CQC inspection plans 'must not drive up GP costs'

Practices must not be burdened with extra costs under plans for healthcare watchdog the CQC to create 'larger, more expert' inspection teams, GP leaders have warned.

Dr Chaand Nagpaul: assessment by social media 'unscientific'
Dr Chaand Nagpaul: assessment by social media 'unscientific'

The GPC also hit out at plans to use social media including Facebook and Twitter to assess practice performance.

A strategy document published by the CQC set out plans for bigger inspection teams with more specialist knowledge, and confirms that assessments of care will give ‘an organisation rating’.

It says that ‘inspectors will specialise in particular areas of care and will lead teams that include clinical and other experts and people with experience of care who we call experts by experience’.

In some cases the watchdog will go beyond checks on individual providers to carry out ‘in-depth investigations to look at system-wide concerns’, the report says.

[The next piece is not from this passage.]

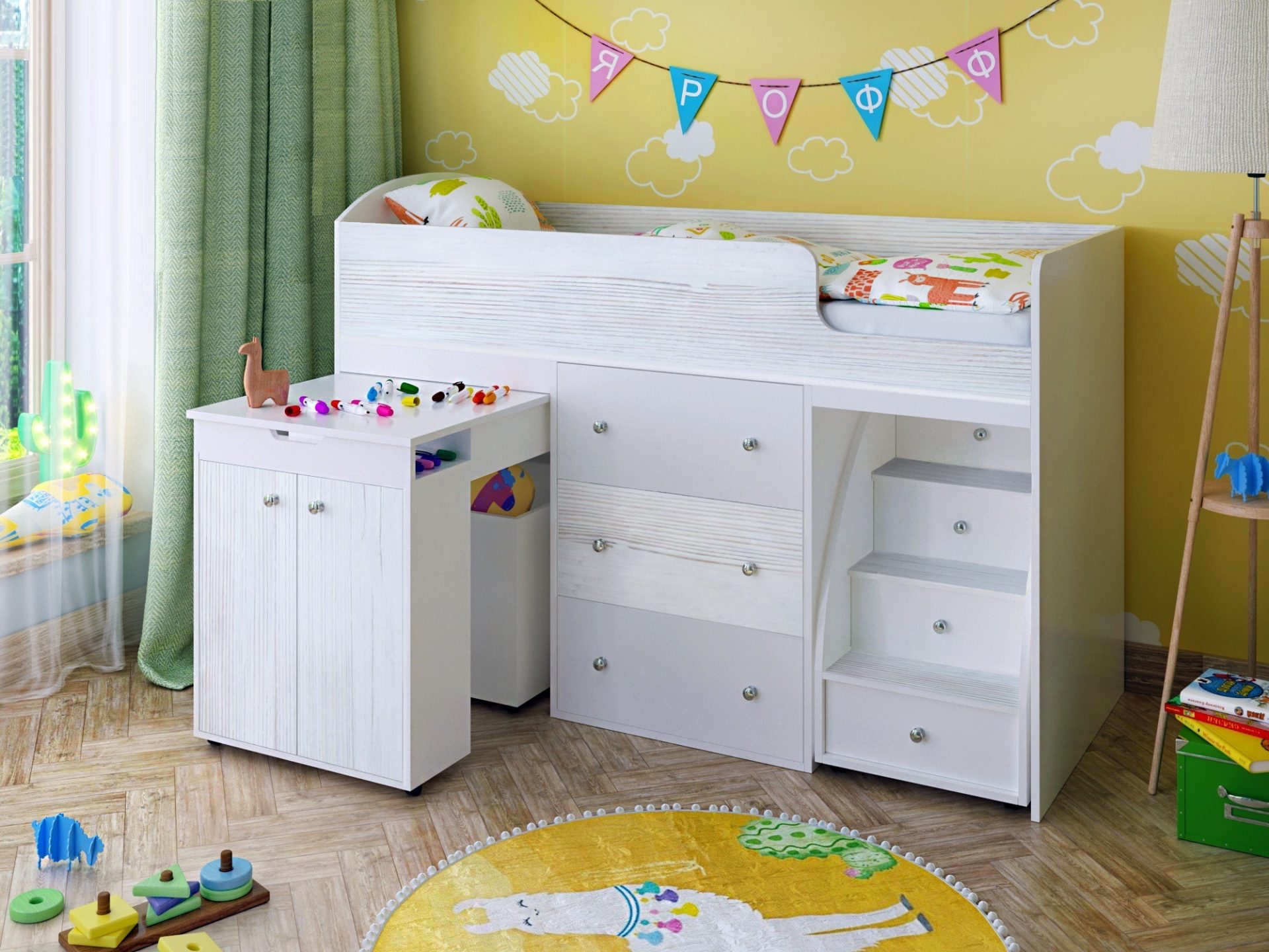 Стильная и красивая кровать-чердак от производителя ЯРОФФ представлена в разных цветовых сочетаниях, а потому позволит обустроить как комнату девочки, так и мальчика. Компактная выдвижная лестница с ящиками, ведущая на второй ярус к спальному месту, бережет пространство комнаты.

‘For example, we may investigate system-wide issues relating to the care that people with dementia receive,’ it says.

The strategy document says results of friends and family tests – due to be introduced first for hospitals and later for primary care – and social media comments will be taken into account in assessing providers.

‘We will search for both positive and negative comments on what is being said about services, including using social media (for example, Facebook and Twitter) and other digital media such as our website,’ the CQC report says.

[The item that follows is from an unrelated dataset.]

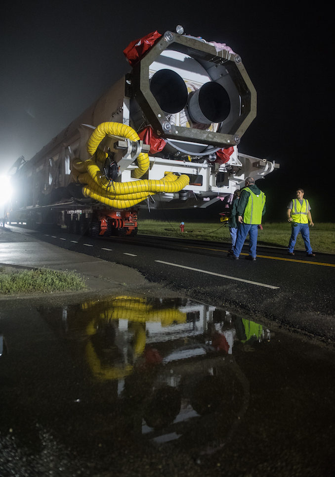 The Antares rocket from Orbital ATK makes its way to the launch pad at Wallops Flight Facility in Virginia. The Antares will launch the Cygnus spacecraft on a cargo resupply mission to the International Space Station.

GPC negotiator Dr Chaand Nagpaul warned against forcing practices to take on extra costs or excessive regulation.

He pointed out that practices in England were being disadvantaged compared with those in the rest of the UK, which will not face CQC checks or fees.

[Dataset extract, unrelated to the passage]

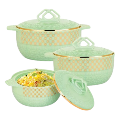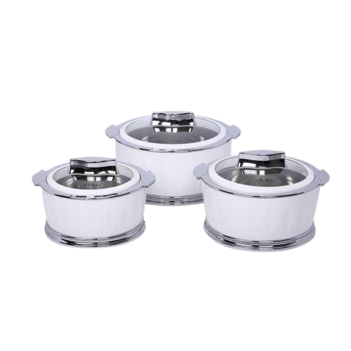 Luxura Klass casserole set designed to beautify your dining table and can be used for gifting purpose. This casserole set comes in three different sizes of 1500 ml, 2000 ml and 2500 ml with easy lockable toughened glass lid. The chrome finish handles gives aesthetic look to your dining area with embossed design. It is available in three different matte colours.

‘GPs are already feeling overburdened with increasing workload, expenses and a reduction in income,’ he added.

Dr Nagpaul welcomed CQC plans to focus inspections increasingly where risk is seen to be highest.

But he added that it was ‘highly unscientific and unfair’ to judge the quality of a service by social media or other online comments.

‘We already have feedback via the patient survey, and on quality of care via QOF achievement. Relying on social media is selective feedback and it would be inappropriate to make judgements on practices based on what is said on social media,’ he argued.